# Tokenize privacy policies into a sentences corpus

We'll use NLTK's [`sent_tokenize`](https://www.nltk.org/api/nltk.tokenize.html) to split our privacy policies corpus into a sentences corpus to feed our crowdsourced labeling tool.

In [17]:
import nltk
nltk.download('punkt')

[nltk_data] Downloading package punkt to /Users/javi/nltk_data...
[nltk_data]   Package punkt is already up-to-date!


True

In [2]:
import pandas as pd
from nltk.tokenize import sent_tokenize

In [19]:
policies_corpus = pd.read_pickle("data/1360_privacy_policies.pkl")
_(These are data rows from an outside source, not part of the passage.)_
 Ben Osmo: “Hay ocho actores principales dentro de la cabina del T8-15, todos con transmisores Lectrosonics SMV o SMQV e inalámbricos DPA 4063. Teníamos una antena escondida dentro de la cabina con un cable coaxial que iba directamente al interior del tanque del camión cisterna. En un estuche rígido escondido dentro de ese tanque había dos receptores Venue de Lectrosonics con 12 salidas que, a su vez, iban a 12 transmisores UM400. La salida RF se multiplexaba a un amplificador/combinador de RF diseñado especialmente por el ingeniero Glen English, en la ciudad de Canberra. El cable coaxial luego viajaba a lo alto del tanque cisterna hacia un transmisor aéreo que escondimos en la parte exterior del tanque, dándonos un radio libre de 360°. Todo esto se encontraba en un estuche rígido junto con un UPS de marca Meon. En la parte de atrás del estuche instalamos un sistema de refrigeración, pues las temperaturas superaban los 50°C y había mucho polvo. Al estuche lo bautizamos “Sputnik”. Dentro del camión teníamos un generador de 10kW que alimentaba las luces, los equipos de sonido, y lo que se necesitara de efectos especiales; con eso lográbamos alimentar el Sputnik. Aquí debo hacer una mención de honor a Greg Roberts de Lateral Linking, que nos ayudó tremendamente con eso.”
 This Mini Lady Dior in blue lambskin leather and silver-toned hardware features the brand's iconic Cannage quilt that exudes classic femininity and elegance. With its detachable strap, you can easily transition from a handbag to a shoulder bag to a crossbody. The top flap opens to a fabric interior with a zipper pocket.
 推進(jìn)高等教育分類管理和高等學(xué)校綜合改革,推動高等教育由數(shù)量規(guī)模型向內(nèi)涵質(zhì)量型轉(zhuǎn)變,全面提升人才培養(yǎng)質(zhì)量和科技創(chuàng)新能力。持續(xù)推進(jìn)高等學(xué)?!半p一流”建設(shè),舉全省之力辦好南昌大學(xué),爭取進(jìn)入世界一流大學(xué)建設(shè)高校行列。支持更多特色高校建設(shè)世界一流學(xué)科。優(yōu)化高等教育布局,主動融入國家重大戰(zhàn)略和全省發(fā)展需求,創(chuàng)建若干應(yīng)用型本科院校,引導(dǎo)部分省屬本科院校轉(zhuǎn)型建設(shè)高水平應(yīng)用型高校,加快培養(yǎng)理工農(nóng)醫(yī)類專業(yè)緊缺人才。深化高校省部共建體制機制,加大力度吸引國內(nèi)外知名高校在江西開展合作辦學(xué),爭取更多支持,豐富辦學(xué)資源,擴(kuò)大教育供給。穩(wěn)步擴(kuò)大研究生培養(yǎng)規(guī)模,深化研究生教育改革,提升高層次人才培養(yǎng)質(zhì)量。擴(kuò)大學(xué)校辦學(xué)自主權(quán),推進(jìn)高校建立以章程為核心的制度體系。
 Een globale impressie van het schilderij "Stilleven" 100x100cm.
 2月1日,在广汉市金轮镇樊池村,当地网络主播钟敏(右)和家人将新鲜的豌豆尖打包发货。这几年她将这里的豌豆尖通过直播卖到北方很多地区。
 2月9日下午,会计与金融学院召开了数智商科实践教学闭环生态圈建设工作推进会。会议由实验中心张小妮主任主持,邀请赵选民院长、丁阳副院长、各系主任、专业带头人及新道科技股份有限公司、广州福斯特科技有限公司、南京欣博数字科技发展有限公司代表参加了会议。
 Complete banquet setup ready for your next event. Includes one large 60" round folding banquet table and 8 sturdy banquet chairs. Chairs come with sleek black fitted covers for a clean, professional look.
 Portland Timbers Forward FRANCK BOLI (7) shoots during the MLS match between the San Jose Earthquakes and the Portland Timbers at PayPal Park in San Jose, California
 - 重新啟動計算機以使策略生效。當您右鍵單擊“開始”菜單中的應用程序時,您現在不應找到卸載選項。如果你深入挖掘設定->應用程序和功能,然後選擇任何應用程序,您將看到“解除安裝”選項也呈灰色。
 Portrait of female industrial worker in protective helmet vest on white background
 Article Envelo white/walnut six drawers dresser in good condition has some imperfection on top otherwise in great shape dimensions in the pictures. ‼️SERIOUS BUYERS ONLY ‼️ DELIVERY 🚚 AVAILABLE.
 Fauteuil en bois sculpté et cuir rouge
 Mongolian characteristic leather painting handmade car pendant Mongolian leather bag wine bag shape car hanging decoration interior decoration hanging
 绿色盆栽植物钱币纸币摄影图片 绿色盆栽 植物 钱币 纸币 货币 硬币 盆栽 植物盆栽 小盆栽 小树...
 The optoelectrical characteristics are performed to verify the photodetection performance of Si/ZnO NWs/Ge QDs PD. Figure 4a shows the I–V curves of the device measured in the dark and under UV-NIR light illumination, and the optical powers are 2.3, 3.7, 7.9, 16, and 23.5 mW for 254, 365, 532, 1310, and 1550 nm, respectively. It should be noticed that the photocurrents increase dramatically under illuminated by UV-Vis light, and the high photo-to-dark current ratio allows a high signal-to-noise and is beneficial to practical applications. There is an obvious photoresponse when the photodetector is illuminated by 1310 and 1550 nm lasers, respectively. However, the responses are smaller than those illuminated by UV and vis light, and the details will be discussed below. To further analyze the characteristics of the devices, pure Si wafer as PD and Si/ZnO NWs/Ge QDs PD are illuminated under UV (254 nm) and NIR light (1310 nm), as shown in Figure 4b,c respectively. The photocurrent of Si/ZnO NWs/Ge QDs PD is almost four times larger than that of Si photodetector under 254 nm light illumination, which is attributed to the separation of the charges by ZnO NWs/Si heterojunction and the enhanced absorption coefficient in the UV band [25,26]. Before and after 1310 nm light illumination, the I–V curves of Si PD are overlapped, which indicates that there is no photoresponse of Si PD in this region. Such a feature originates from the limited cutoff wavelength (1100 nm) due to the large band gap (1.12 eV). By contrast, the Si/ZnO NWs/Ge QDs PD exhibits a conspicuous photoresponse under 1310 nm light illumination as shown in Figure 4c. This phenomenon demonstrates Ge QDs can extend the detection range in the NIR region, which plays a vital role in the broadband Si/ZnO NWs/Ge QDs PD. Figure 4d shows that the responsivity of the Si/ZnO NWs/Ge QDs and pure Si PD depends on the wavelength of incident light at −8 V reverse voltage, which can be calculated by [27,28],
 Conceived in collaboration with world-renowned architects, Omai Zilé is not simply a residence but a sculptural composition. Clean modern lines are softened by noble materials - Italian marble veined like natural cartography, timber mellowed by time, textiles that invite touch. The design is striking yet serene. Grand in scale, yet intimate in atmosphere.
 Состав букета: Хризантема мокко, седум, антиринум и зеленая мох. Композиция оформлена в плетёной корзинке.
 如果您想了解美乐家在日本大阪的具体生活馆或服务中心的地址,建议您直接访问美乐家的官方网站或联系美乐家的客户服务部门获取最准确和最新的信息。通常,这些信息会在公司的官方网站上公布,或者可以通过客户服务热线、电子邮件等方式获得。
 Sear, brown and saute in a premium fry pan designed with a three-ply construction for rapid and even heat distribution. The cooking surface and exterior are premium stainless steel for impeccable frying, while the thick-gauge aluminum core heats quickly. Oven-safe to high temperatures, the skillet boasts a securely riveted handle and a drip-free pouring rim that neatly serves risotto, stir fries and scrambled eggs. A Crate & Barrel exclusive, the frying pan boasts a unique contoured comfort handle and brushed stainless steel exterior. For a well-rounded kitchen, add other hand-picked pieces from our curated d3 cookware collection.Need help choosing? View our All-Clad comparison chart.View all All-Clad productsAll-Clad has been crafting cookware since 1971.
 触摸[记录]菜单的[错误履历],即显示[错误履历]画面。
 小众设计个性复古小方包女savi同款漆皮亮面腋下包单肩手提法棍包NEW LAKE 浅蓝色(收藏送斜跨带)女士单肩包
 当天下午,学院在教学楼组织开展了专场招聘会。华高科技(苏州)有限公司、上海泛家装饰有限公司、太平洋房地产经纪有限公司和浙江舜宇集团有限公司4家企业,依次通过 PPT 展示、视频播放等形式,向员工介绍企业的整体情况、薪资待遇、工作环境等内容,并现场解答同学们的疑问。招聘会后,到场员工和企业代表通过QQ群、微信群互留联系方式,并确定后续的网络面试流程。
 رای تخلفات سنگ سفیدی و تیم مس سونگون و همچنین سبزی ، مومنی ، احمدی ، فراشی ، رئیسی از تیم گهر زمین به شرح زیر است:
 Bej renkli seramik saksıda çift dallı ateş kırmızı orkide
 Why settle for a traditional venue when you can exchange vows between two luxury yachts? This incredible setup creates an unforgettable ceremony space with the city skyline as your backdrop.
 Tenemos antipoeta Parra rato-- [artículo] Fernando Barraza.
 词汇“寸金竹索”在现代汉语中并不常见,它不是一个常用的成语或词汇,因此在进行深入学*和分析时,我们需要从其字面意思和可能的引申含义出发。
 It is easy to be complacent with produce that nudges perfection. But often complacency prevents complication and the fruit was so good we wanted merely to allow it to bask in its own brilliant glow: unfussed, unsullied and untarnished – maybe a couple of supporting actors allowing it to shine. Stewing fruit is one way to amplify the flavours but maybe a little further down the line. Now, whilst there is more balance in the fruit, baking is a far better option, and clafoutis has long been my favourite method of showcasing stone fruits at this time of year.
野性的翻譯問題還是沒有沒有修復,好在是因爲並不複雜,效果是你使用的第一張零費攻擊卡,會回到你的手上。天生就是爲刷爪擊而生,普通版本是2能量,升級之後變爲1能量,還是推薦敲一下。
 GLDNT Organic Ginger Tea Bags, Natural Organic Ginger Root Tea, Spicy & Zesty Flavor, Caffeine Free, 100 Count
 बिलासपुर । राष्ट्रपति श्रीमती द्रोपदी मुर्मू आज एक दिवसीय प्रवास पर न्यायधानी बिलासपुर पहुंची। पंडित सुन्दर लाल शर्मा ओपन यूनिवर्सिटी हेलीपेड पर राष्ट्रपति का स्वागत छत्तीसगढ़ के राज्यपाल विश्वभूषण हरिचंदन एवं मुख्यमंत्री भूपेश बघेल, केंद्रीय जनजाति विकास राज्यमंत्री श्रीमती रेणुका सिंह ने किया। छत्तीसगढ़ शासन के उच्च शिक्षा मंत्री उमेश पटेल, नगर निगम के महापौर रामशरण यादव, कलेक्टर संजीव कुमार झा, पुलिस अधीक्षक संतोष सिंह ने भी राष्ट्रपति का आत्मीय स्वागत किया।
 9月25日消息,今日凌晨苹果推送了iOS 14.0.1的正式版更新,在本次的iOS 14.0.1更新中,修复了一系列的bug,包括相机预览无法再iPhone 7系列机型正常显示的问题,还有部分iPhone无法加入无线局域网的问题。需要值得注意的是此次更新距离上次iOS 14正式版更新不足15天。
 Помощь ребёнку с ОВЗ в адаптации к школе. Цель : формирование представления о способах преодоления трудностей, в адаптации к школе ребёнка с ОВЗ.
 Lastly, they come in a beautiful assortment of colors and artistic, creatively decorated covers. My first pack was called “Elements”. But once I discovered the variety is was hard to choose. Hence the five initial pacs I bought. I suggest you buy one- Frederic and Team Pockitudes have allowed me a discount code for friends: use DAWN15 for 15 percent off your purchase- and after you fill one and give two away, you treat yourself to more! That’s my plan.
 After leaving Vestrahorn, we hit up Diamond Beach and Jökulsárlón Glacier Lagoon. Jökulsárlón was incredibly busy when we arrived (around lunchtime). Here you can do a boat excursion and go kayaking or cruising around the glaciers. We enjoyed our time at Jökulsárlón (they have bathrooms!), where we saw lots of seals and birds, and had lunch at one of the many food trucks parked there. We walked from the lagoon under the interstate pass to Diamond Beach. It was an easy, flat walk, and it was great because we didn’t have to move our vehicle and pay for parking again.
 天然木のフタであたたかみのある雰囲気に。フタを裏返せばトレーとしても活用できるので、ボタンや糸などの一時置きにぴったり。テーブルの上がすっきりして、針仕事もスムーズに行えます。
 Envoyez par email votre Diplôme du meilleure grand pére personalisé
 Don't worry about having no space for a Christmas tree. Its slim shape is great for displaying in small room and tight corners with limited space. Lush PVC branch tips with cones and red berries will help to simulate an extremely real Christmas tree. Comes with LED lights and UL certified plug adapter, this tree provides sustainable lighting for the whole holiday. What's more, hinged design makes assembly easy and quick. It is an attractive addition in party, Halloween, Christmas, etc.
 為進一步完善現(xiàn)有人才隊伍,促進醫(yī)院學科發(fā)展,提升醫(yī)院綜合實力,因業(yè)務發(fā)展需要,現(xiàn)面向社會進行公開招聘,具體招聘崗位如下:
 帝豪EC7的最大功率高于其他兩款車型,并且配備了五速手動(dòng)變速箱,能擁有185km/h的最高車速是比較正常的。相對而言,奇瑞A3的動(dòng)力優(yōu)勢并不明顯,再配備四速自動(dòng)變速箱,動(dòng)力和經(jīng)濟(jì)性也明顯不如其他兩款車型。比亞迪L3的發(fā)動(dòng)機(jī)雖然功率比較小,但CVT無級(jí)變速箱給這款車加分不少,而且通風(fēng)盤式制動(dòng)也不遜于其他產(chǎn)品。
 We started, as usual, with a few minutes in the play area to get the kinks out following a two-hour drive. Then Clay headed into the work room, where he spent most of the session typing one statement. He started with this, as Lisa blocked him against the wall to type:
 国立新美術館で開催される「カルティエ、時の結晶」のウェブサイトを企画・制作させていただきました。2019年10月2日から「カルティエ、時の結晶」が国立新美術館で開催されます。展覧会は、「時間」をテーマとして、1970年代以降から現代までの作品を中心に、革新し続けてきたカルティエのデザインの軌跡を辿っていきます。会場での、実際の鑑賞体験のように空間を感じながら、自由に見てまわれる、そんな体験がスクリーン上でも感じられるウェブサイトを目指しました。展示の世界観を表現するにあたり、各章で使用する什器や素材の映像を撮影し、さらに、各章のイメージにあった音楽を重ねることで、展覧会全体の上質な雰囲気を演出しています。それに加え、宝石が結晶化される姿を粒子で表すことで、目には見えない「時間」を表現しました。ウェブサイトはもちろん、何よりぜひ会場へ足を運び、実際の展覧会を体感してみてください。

## Try with just a privacy policy first

Let's just try with the first privacy policy and see what we get.

In [20]:
policies_corpus[:10]

Unnamed: 0,name,policy
0,google.co.nz,Privacy Policy Last mo...
1,ibnlive.in.com,Privacy Policy IBN7IBN7...
2,gocomics.com,Privacy Policy At Univ...
3,petsmart.com,This document provides ...
4,duolingo.com,Privacy Policy ...
5,usda.gov,Privacy Policy Thank ...
6,fcbarcelona.com,PRIVACY POLICY. PROTECT...
7,zara.com,Zara´s Privacy Statemen...
8,infowars.com,"Infowars LLC, Terms of ..."
9,change.org,Privacy Policy About Te...


In [21]:
first_policy = policies_corpus.iloc[0]

In [22]:
policy_sentences = sent_tokenize(first_policy.policy)

In [23]:
policy_sentences

['                       Privacy Policy  Last modified: December 20, 2013 (view archived versions)  There are many different ways you can use our services – to search for and share information, to communicate with other people or to create new content.',
 'When you share information with us, for example by creating a Google Account, we can make those services even better – to show you more relevant search results and ads, to help you connect with people or to make sharing with others quicker and easier.',
 "As you use our services, we want you to be clear how we're using information and the ways in which you can protect your privacy.",
 'Our Privacy Policy explains:  What information we collect and why we collect it.',
 'How we use that information.',
 'The choices we offer, including how to access and update information.',
 "We've tried to keep it as simple as possible, but if you're not familiar with terms like cookies, IP addresses, pixel tags and browsers, then read about these key

In [24]:
policy_sentences[0]

'                       Privacy Policy  Last modified: December 20, 2013 (view archived versions)  There are many different ways you can use our services – to search for and share information, to communicate with other people or to create new content.'

## Tokenize the whole policies dataset

Now let's apply those NLTK and tokenization learnings to the whole privacies dataset and generate our sentences corpus.

In [25]:
sentences_cols = ["policy_id", "text"]
sentences_corpus = pd.DataFrame(columns = sentences_cols)
sentences_corpus

Unnamed: 0,policy_id,text


In [26]:
for policy_index, row in policies_corpus.iterrows():
    print("Tokenizing policy number: ", policy_index, row['name'])
    tokenized_privacy_policy = sent_tokenize(row['policy'])
    for sentence in tokenized_privacy_policy:
        sentences_corpus = sentences_corpus.append(pd.Series([
            policy_index,
            sentence
            ],
            index = sentences_cols), 
         ignore_index = True)

In [30]:
sentences_corpus.describe()

Unnamed: 0,policy_id,text
count,115813,115813.0
unique,1360,97837.0
top,474,2.0
freq,936,102.0


In [32]:
sentences_corpus.to_pickle("data/sentences_corpus.pkl")

In [3]:
sentences_corpus = pd.read_pickle("data/sentences_corpus.pkl")

In [4]:
sentences_corpus.to_csv("data/sentences_corpus.csv")